Paris: The leaders of France and Germany will not leave this week’s EU summit until a “powerful" deal is reached on the euro zone debt crisis, the French government said on Wednesday while US treasury secretary Timothy Geithner urged bold steps.

Geithner, on a whistle-stop tour of Europe to demand dramatic action, voiced confidence in a Franco-German plan to overhaul the EU treaty after Standard & Poor’s warned it could cut credit ratings across the currency bloc, including the EFSF rescue fund, a move which would fundamentally weaken it.

“I have a lot of confidence in what the president of France and the minister are doing, working with Germany to build a stronger Europe," Geithner told reporters after talks with French finance minister Francois Baroin.

French President Nicolas Sarkozy and German chancellor Angela Merkel will lay out their plan at Friday’s EU summit to impose mandatory penalties on euro states that exceed deficit targets, with the aim of restoring market trust and preventing the region’s deepening debt crisis spiralling out of control.

Two days before the meeting, new ideas were surfacing about how to boost the bloc’s crisis capabilities. EU officials said leaders could decide to raise the combined lending limit of the temporary EFSF and its successor, the permanent European Stability Mechanism, which France and Germany want introduced a year early, in 2012.

Reuters

“Neither Nicolas Sarkozy nor Angela Merkel will leave the negotiating table of this summit until there is a powerful deal," Baroin told Canal+ television, saying France was fighting hard to keep its top credit rating.

“A lot depends on what happens Friday, ... on how the response given by the heads of states is received," he said.

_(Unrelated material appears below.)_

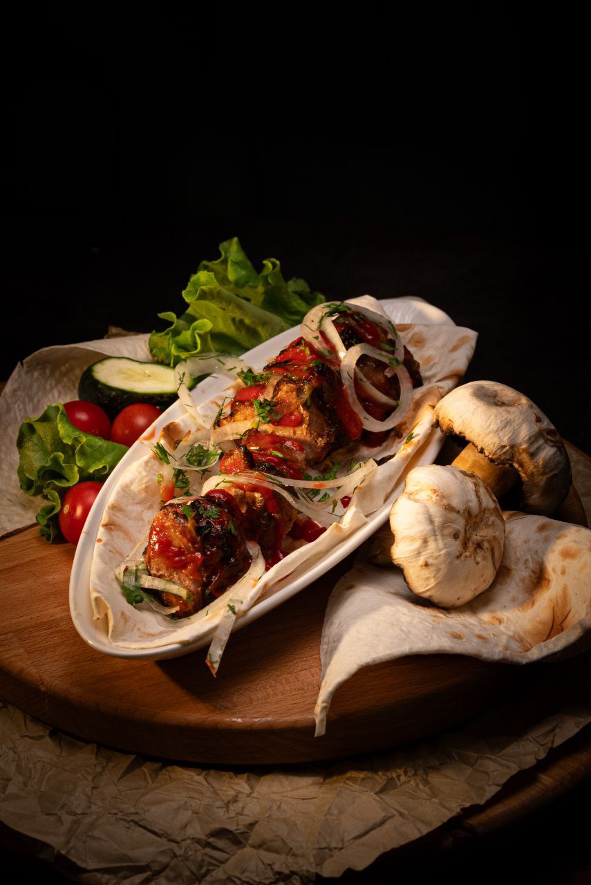 Гирос-гриль — сытное блюдо на компанию. В набор входят курица гриль, сырные треугольники, свежие овощи, картофель фри и три соуса.

A fresh sense of urgency was injected into talks after S&P put the credit ratings of 15 countries, including Germany and France, on review for a downgrade, citing “continuing disagreements among European policymakers on how to tackle the immediate market confidence crisis".

Geithner was due to meet Sarkozy later on Wednesday before flying to the southern French port of Marseille for discussions with incoming Spanish prime minister Mariano Rajoy.

The treasury secretary, whose trip to Europe speaks of the alarm in Washington at the damage the debt crisis could wreak on the US and world economy, said he was encouraged by moves towards a common set of tight budget rules for EU states.

He also stressed the central role in tackling the crisis of the International Monetary Fund and the European Central Bank, which has been reluctant to take decisive steps until governments get to grips with their financial problems.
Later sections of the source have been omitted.